We will first look at 

In [None]:
# INPUT
X =pd.DataFrame(dataframe['log K_ow'])
# Target/ OUTPUT
Y =pd.DataFrame(dataframe['BCF'])

In [None]:
X.head()

In [None]:
Y.head()

<br><br>
We need to split the data into two sets. One set will be used to train the linear regression model, while the other set will be used to test the linear regression model.

In [None]:
# We need to split the data into a training and testing set
# This library will give us an easy way to split our data
from sklearn.model_selection import train_test_split

# Split the Input and Target variables into TRAINING and TESTING data
X_train, X_test, y_train, y_test = train_test_split(X, Y, test_size = 0.3, random_state=1)

<br><br>
***
## Your Turn
### Now we have our data in a format we can use for Linear Regression
You can attempt to use the algorithms developed in the previous notebook.
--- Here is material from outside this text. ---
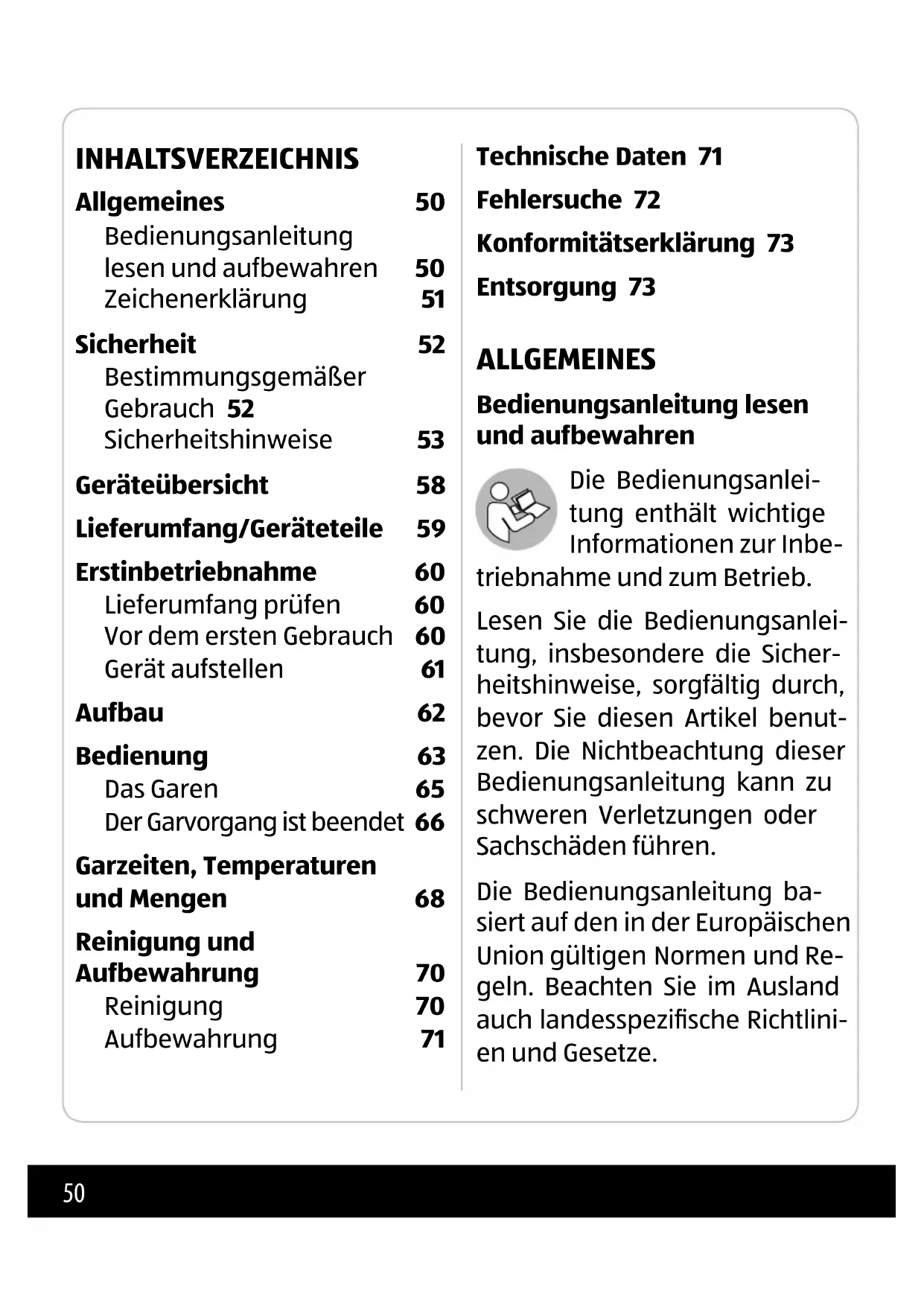 Éliminer l’emballage Mettez au rebut l’embal- lage selon les exigences de tri. Mettez le carton et les boîtes en carton au vieux pa- pier, les fi lms à la collecte des ma- tières de valeur. Éliminer l’appareil hors d’usage (Applicable dans l’Union euro- péenne et d’autres Etats euro- péens disposant de systèmes pour la collecte séparée des ma- tières de valeur) Les appareils hors d’usage ne doivent pas être jetés avec les ordures ména- gères ! Si un appareil ne peut plus être utilisé, tout utilisateur a l’obli- gation légale d’éliminer les ap- pareils hors d’usage différem- ment des ordures ménagères, par exemple à un point de col- lecte de sa commune/de son quartier. Ceci permet de garantir que les appareils hors d’usage sont traités professionnellement et d’éviter des effets négatifs sur l’environnement. C’est pourquoi les appareils électriques sont caractérisés par le symbole fi gu- rant ci-dessus.50 Technische Daten 71 Fehlersuche 72 Konformitätserklärung 73 Entsorgung 73 ALLGEMEINES Bedienungsanleitung lesen und aufbewahren Die Bedienungsanlei- tung enthält wichtige Informationen zur Inbe- triebnahme und zum Betrieb. Lesen Sie die Bedienungsanlei- tung, insbesondere die Sicher- heitshinweise, sorgfältig durch, bevor Sie diesen Artikel benut- zen. Die Nichtbeachtung dieser Bedienungsanleitung kann zu schweren Verletzungen oder Sachschäden führen. Die Bedienungsanleitung ba- siert auf den in der Europäischen Union gültigen Normen und Re- geln. Beachten Sie im Ausland auch landesspezifi sche Richtlini- en und Gesetze. INHALTSVERZEICHNIS Allgemeines 50 Bedienungsanleitung lesen und aufbewahren 50 Zeichenerklärung 51 Sicherheit 52 Bestimmungsgemäßer Gebrauch 52 Sicherheitshinweise 53 Geräteübersicht 58 Lieferumfang/Geräteteile 59 Erstinbetriebnahme 60 Lieferumfang prüfen 60 Vor dem ersten Gebrauch 60 Gerät aufstellen 61 Aufbau 62 Bedienung 63 Das Garen 65 Der Garvorgang ist beendet 66 Garzeiten, Temperaturen und Mengen 68 Reinigung und Aufbewahrung 70 Reinigung 70 Aufbewahrung 7151 Bewahren Sie die Bedienungs- anleitung für die weitere Nut- zung auf. Wenn Sie diesen Artikel an Dritte weitergeben, geben Sie unbedingt diese Bedienungsan- leitung mit. Sie können diese Bedienungsan- leitung auch als PDF-Datei auf der Homepage www.gt-support.de herunterladen. Zeichenerklärung Die folgenden Symbole und Si- gnalworte werden in dieser Be- dienungsanleitung, auf dem Artikel oder auf der Verpackung verwendet. WARNUNG! Dieses Signalsymbol/- wort bezeichnet eine Gefähr- dung mit einem mittleren Risi- kograd, die, wenn sie nicht vermieden wird, den Tod oder eine schwere Verletzung zur Folge haben kann. VORSICHT! Dieses Signalsymbol/- wort bezeichnet eine Gefähr- dung mit einem niedrigen Risikograd, die, wenn sie nicht vermieden wird, eine geringfü- gige oder mäßige Verletzung zur Folge haben kann. Heiße Oberfl äche! Dieses Symbol kennzeichnet hei- ße Oberfl ächen im Betrieb – nicht mit bloßen Händen berühren. HINWEIS! Dieses Signalsymbol-/ wort warnt vor möglichen Sach- schäden. Dieses Symbol gibt Ihnen nützliche Zusatzinformati- onen zum Aufbau oder zur Be- dienung. Konformitätserklärung (siehe Kapitel „Konformi- tätserklärung“): Mit diesem Sym- bol gekennzeichnete Produkte erfüllen alle anzuwendenden Gemeinschaftsvorschriften des Europäischen Wirtschaftsraums.52 Das Siegel „Geprüfte Si- cherheit“ (GS-Zeichen) bestätigt, dass dieser Artikel den Anforderungen des deutschen Produktsicherheits- gesetzes entspricht. SICHERHEIT Bestimmungsgemäßer Gebrauch Dieses Gerät ist ausschließlich für das Zubereiten von Lebensmit- teln in haushaltsüblichen Men- gen geeignet und darf nur in In- nenräumen verwendet werden. Es kann sowohl zum Zubereiten von z.B. Gemüse, Pommes, Fisch, Fleisch und Gefl ügel als auch für Teigwaren verwendet werden. Das Gerät ist ausschließlich für den Privatgebrauch bestimmt. Verwenden Sie das Gerät nur wie in dieser Bedienungsanleitung beschrieben. Jede andere Verwendung gilt als nicht bestimmungsgemäß und kann zu Sachschäden oder sogar zu Personenschäden führen. Verwenden Sie die Heißluft- fritteuse keinesfalls zum Erhit- zen von Wasser oder anderen Flüssigkeiten. Der Hersteller oder Händler übernimmt keine Haftung für Schäden, die durch nicht bestim- mungsgemäße Verwendung, unsachgemäße Reparaturen, unerlaubt vorgenommenen Ver- änderungen oder Verwendung nicht zugelassener Zubehör- oder Ersatzteile entstanden sind. Dieser Artikel ist nicht für den gewerblichen Bereich geeignet, wie z. B.:

Please replace the ___ with the correct variables or functions.

In [None]:
# This is the data we are using
x_data = X_train.to_numpy().flatten()
y_data = y_train.to_numpy().flatten()

# Perform the square of residuals
# Get matrix y
y = np.array([ sum(y_data), sum(y_data * x_data) ])

# Get matrix A
A = np.array([ [float(sum(x_data)), len(x_data)], [float(sum(x_data*x_data)), float(sum(x_data))] ])

# Get m and b
m_b = (np.linalg.inv(A) @ y).T

# Display the results
print("\nRESULTS")
print("Intercept (b):\t", m_b[1])
print("Slope (m):\t", m_b[0])

<br><br>
***
Now you can perform linear regression using the python technique that you learned in the previous notebook.
The data variables to use are:
- X_train
- y_train
- X_test

In [None]:
# Performing linear regression in Python
from sklearn.linear_model import LinearRegression

# Create our linear regression model
model = LinearRegression()

# Next we fit our model using the training data
model.fit(X_train, y_train)

# Now we apply our model to the testing data
predictions = model.predict(X_test)

In [None]:
# Get the intercept and slope (see linear regression notebook)
b = model.intercept_
m = model.coef_

# Get the results
print("\nRESULTS")
print("Intercept (b): ", b)
print("Slope (m): ", m)

In [None]:
# Let's get the error value
from sklearn.metrics import r2_score

print(r2_score(y_test, predictions))

This shows our r-squared value.

***
## Visualization
***
Now we can plot the data and see if it looks correct.


In [None]:
# plot the results
plt.figure(figsize=(8, 6))
ax = plt.axes()
ax.scatter(X_test, y_test, color='black')
ax.plot(X_test, predictions, color='blue', linewidth=3)

ax.set_xlabel('K_ow')
ax.set_ylabel('BCF')

ax.axis('tight')

plt.show()

<br><br>
As we can see, our results are not great. If we had more data, this would improve our results.